The other day at Tom Thumb I spent 10 minutes helping a little old man find the prune juice. I did this even though my husband is the Eagle Scout, not me. I grocery shop at the headquarters for all Fort Worth geriatric shoppers, the Tom Thumb at Hulen and Bellaire, and I love shopping there because I love REALLY old people as a general rule. My husband Gordon thinks my obsession with cute little old men in particular — and the inevitable day he will become one — is a bit inordinate.
The man was thin and stooped and was cussing up a storm on aisle 7 just as I rounded the corner with Drew and pregnant belly in tow. I would record our conversation here, but would need to censor it beyond recognition. We looked all over tarnation for it (the prune juice, that is); but like most elusive things in the grocery store, it was right there in front of us...on the bottom row. Although I knew why prune juice might be important to someone of that age, my new friend’s persistence was nearly unnerving.
We parted ways, and then I started noticing the other old folks in the store with a keener eye, and they all seemed to have one thing in common: they all loved Drew. Every one I passed bent down and made a comment about “what a big boy you have” and “my, look at those EYES.” I realized that’s why I like shopping there. It’s like a cheering gallery for my genetic display. Except, of course, when Drew is whining or pulling things off shelves. But even then, if memory serves, I still at least get pleasant looks from the very old.
I started wondering why this is, and why people my age don’t seem to put themselves out making grand overtures about each other’s offspring. I think because we are so busy comparing ourselves to each other that it’s hard to appreciate another mother and child objectively. But when you’ve passed through a number of years and stages that set you far beyond the phases of childbearing and rearing, you feel free to express magnanimity freely, and to all. (Except, I’m sure, other people who are old, like you.) This is probably why I squeeze Gordon’s arm with delight in the church parking lot when I see an ancient man wobbling slowly with the help of his wife. We are not in their stage of life; therefore we can appreciate them for what they are without bias or our own insecurity to muddy the waters. But I’m sure when Gordon is wobbling on my arm in the year 2065, I will not think him nearly so cute — or other little old men as cute — as I do now. I’m sure then I will be distracted comparing our wheelchairs to the WheelRocket 5000 that old so-and-so just bought; or noticing with satisfaction that my husband has retained more hair than that old what’s-his-name; or that my memory is still better than…than…whatever her name is.

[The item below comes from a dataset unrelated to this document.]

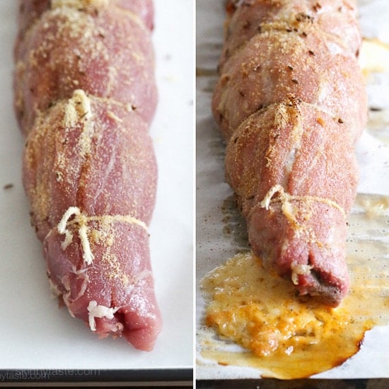 This turned out even better than I could have imagined! The pork with juicy, cheese was hot and melted and this had so much flavor. Pork tenderloin is very lean cut, if you don’t eat pork, you can use a turkey tenderloin instead.

Don’t get me wrong. We mommies give each other all sorts of sympathetic looks in public. I’m not saying we ignore each other or glare with icy stares. I’m just saying we don’t stop people in grocery store aisles to tell them how beautiful their child is, or to talk to the children directly as if we had heard lore of this mystical creature called a CHILD and consider ourselves privileged to have encountered one today at the Tom Thumb. If you did stop me and coo and go out of your way to talk directly to my child — but you looked about my age — I would assume you were an aunt or caretaker or a lover of children in general and not an actual mother yourself. Mothers give other mothers knowing looks. Non-mothers (particularly those who are old) give just a little bit more.
I’m not saying anything is wrong with this; this is just the way things are. But I think it would be an interesting experiment sometime when you are in the grocery store to pretend you are about 87 years old and see the world for just a little while through those eyes. Notice the children. The moms in their 30’s. Their harried looks to get out of the store before the toddler throws a fit; their stealthy negotiation between a healthy and sugar-laden cereal, bartered over the forthcoming snack at home; their running shoes they wear because they haven't worn stilettos since the year 2006. Notice the beauty in the strangers' children; how they sit in carts; how their hair curls around their temples; how they squeeze the cart handle and dangle their dimpled feet.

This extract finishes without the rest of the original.